I don’t have a clue how to tell him that this brother-sister thing he thinks we have going on is pure agony.
And since I can’t tell him how I feel, I tell him something else instead.
Because maybe it’s time to revisit the bold, say-anything Aria.
“I went with diet over regular because there’s fewer calories,” I blurt out, my gaze locked on the unmoving blue water of my parents’ pool.
Out of the corner of my eye, I see his hand falter in the process of taking a sip of the Diet Coke, and he turns to look at my profile, and then … horror … I see his eyes briefly run over my body.
My soft, untoned, prefers-real-Coke body.
I resist the urge to cover up, but I do suck in my belly. Just a little.
“Ari-” His voice is a horrifying mixture of surprise and dismay.
“Don’t,” I mutter.
“Don’t what?”
I turn to meet his familiar blue eyes. “Don’t be all nice to me about this. I know kind is written into your DNA, and that’s usually super charming, but I know what I look like, okay?
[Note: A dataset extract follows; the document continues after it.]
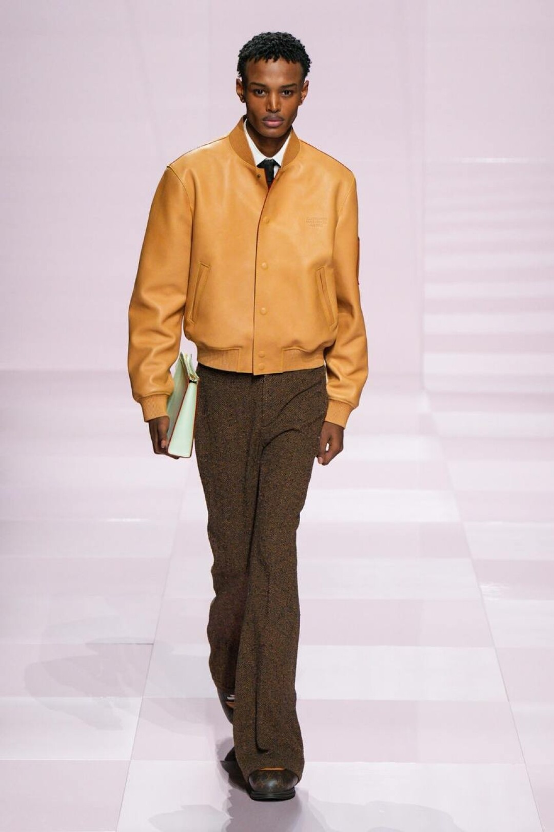 В перерывах между рэперскими шортами и гламурными кардиганами в стразах вклиниваем немного 70-х — Фаррелл и Ниго вспомнили о клешах, которые замиксовали с кожаными бомберами в оттенке горчицы, офискорными рубашками и академичными аргайл-жилетами. Главный стейтмент-аксессуар показа — разноцветные галстуки, которые по примеру Louis Vuitton женим с двойками из денима, ворквир-куртками, укороченными байкерскими косухами и зип-кардиганами.
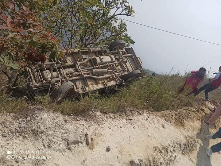 धरानजादै गरेको र्फोस गाडि आफै अन्यन्त्रित भइ सडकबाट करीब ५ मिटर तल खसकेको थियो । जिल्ला प्रहरी कार्यालय उदयपुरका सूचना अधिकारी (डिएसपी) वेद प्रसाद गौतमका अनुसार गाडिमा १४ जना सवार थिए । जसमा तीन जना गम्भिर घाइते भएका छन् भने अरुको अवस्था सामान्य छ ।

I’m no Kylie.”
He opens his mouth and shuts it just as quickly, and because I know him-because I know Ben Carson so freaking well-I know what he was going to say.
I like you the way you are.
But he can’t say that, because he’s not dating the girl with the soft thighs; he’s dating the one with the skinny, toned ones.
He may very well like me just the way I am.
But he doesn’t like like me just the way I am.
Not like he likes Kylie.
And for the first time, it occurs to me that maybe Ben’s not quite so unaware of my little crush as I’d imagined.
The thought bugs.
And then an even worse horror occurs to me: What if Kylie knows?
What if she knows that I’m breaking the ultimate sister code? What if she and Ben talk about it in the oh, poor chubby Aria kind of way?
My face burns at the prospect, although not with embarrassment so much as shame.
Is this what I’ve let myself become?
Really?
I’m terrified that it is.
At school I can fool myself into thinking that I’m in control; that I’m at the helm of my own future.
But back home in Cedar Grove, where everyone overlooks Kylie’s imperfections and where the boy I’ve always adored pops in and out of my life in an ever-platonic nightmare, am I really in control?
Or am I just a passive spectator of my own life?
God.
I am.
That stupid Miles St. Claire and his smug lecturing about my out-of-shapeness being a symptom of my lack of control over my own life is freaking true.
I’m not one of those girls dumb enough to think that a certain number on the scale or certain size on my dress label is going to bring all kinds of happiness. I mean, my sister is a stick and sometimes when she thinks nobody’s watching, she looks thirty seconds away from a breakdown.
But I am sick of feeling like food controls me.
The ice cream and the candy and the chips and, yes, the damn Coke.